The First Hague Conference, which intentionally began on the Tsar’s birthday, was held in 1899 and resulted in three conventions and three declarations. Inspired by that success, United States President Theodore Roosevelt proposed a second Hague Conference in 1904, but it ended up having to be delayed until 1907 because of the Russo-Japanese War. The Second Hague Conference actually produced 13 conventions and a declaration. Among them, Hague VIII set forth the laws relating to the “Laying of Automatic Submarine Contact Mines.” Significantly, the Russian Empire, which initiated the whole process and for which the Second Conference was delayed, adopted 10 of the 13 Hague Conventions of 1907, but intentionally did not sign and ratify Hague VIII. After the fall of the Russian Empire, the Soviet Union reconfirmed its ratification of those 10, but again did not sign or ratify Hague VIII. After the fall of the Soviet Union, the Russian Federation reconfirmed its ratification of those 10, but yet again did not sign or ratify Hague VIII. At the same time, independent Ukraine also reconfirmed ratification of those same 10 conventions, but also did not sign or ratify Hague VIII. It is thus fascinating that, with all this history, Russia is now alleging a violation of a law that was rejected by both the USSR and the Russian Empire, and using that as a tactic amid a military campaign bent on restoring President Vladimir Putin’s glorified notion of Soviet and Russian Imperial greatness.
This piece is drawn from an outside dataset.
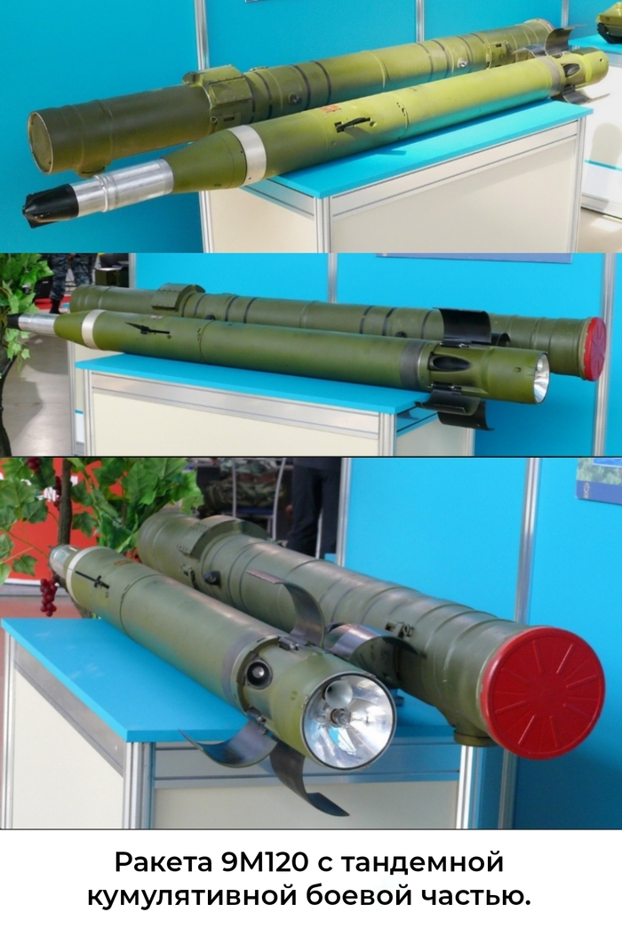 — ракета 9М120 (9М120М, 9М220) с тандемной кумулятивной боевой частью, преодолевающая динамическую защиту и далее танковую гомогенную броню (тандемная БЧ — выдвижная);

The incongruity of Russia’s argument notwithstanding, it is worth evaluating the substance of the claims as if the Hague VIII Convention did apply, as many legal scholars would suggest that both Hague VIII and the 1994 San Remo Manual on International Law Applicable to Armed Conflicts at Sea are articulations of the applicable laws and customs of war to which all states are bound. According to the FSB, the Ukrainians placed old Soviet-era mines, made in the first half of the 20th century, in areas around key port cities. Since Ukraine notified Russia of the laying of these mines and none of them are either in neutral waters or blocking ships in neutral waters from accessing international waters, there is no inherent legal problem with this portion of the claim.
The FSB further claims that because of a storm, the lines holding some of the mines to their anchors broke, leaving the mines to float. Beyond prohibitions against floating mines – with limited exceptions – the San Remo Manual does clarify that “the parties to the conflict shall not lay mines unless effective neutralization occurs when they have become detached or control over them is otherwise lost.” Russia is claiming that these detached mines are now floating, not neutralized, and therefore pose a direct threat to the safety of shipping – the main concern expressed in Hague VIII.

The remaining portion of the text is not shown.